(Stored records)
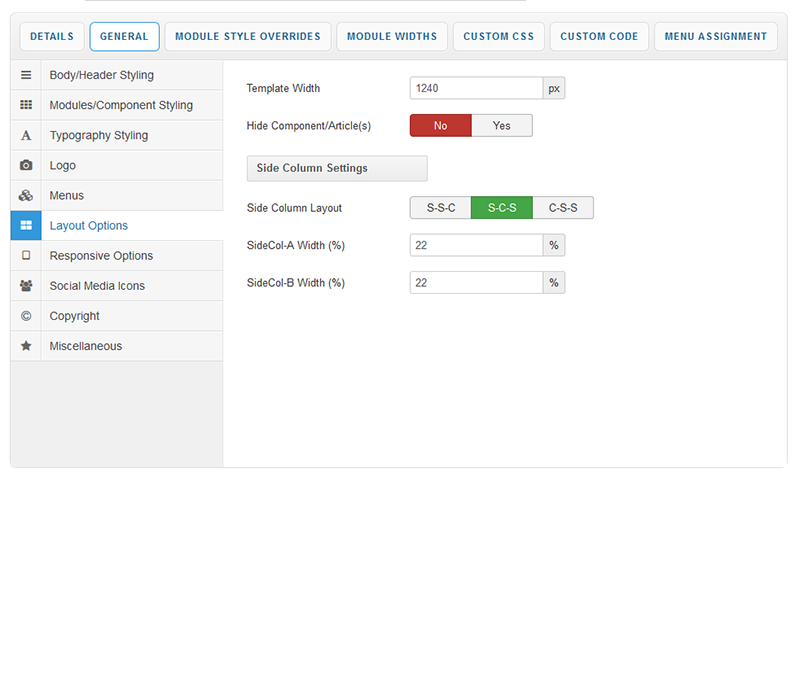 From your Layout Options you can set the layout of your side columns in relation to your site content with options for both your side columns to appear on either the left or the right or on either side of your content/component area. Width options are also available in this tab to edit the entire width of your template.
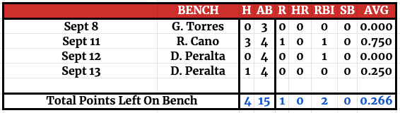 Despite opportunities daily, Sanchez just couldn’t get the job done. To secure points for the matchup, we signed Reyes, who was riding a bit of a hot streak at the plate.
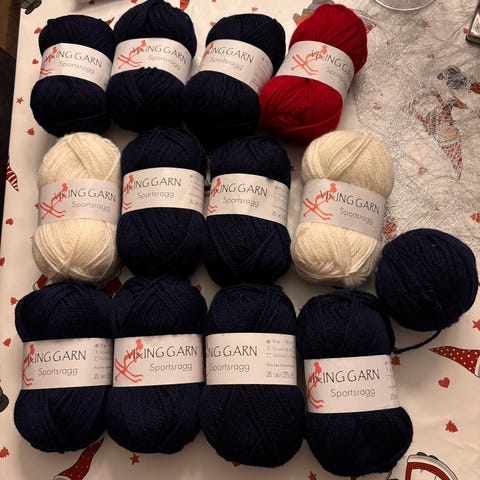 118 hele og noen halve nøster selges samlet 3300,- (28,- per nøste!)
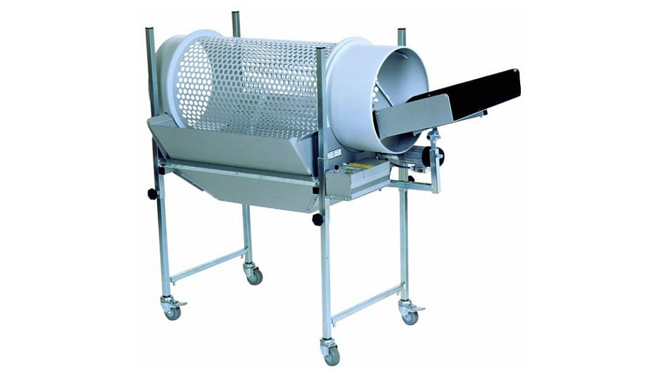 Special separation drum type for separation, for example, of plastic pieces (from sprue) that are the same in height but differ in surface area. Also well suited for separation of stamped pieces from stamp remnants. Thus the smaller pieces fall through the holes, while the larger pieces continue to the output side. The height and tilt of the drum are infinitely adjustable.
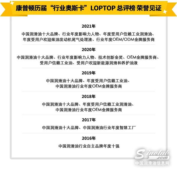 润滑油行业“奥斯卡”LubTop2021颁奖,康普顿又双叒叕...获奖了!
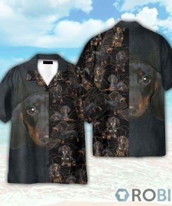 Dachshund Tropical Pattern Hawaiian Shirt features
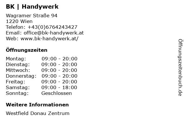 | Öffnungszeiten BK | Handywerk in Wien anzeigen | |
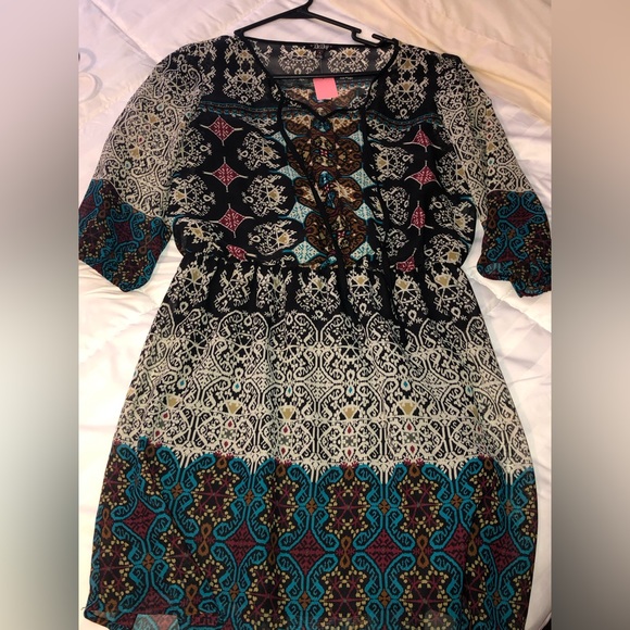 3/4 sleeve Cinched waist flowy Aztec pattern mini dress Size M

(What to do)
Your answer must be the records exactly as they stand, with no pictures in it.

(Written answer)
 From your Layout Options you can set the layout of your side columns in relation to your site content with options for both your side columns to appear on either the left or the right or on either side of your content/component area. Width options are also available in this tab to edit the entire width of your template.
 Despite opportunities daily, Sanchez just couldn’t get the job done. To secure points for the matchup, we signed Reyes, who was riding a bit of a hot streak at the plate.
 118 hele og noen halve nøster selges samlet 3300,- (28,- per nøste!)
 Special separation drum type for separation, for example, of plastic pieces (from sprue) that are the same in height but differ in surface area. Also well suited for separation of stamped pieces from stamp remnants. Thus the smaller pieces fall through the holes, while the larger pieces continue to the output side. The height and tilt of the drum are infinitely adjustable.
 润滑油行业“奥斯卡”LubTop2021颁奖,康普顿又双叒叕...获奖了!
 Dachshund Tropical Pattern Hawaiian Shirt features
 | Öffnungszeiten BK | Handywerk in Wien anzeigen | |
 3/4 sleeve Cinched waist flowy Aztec pattern mini dress Size M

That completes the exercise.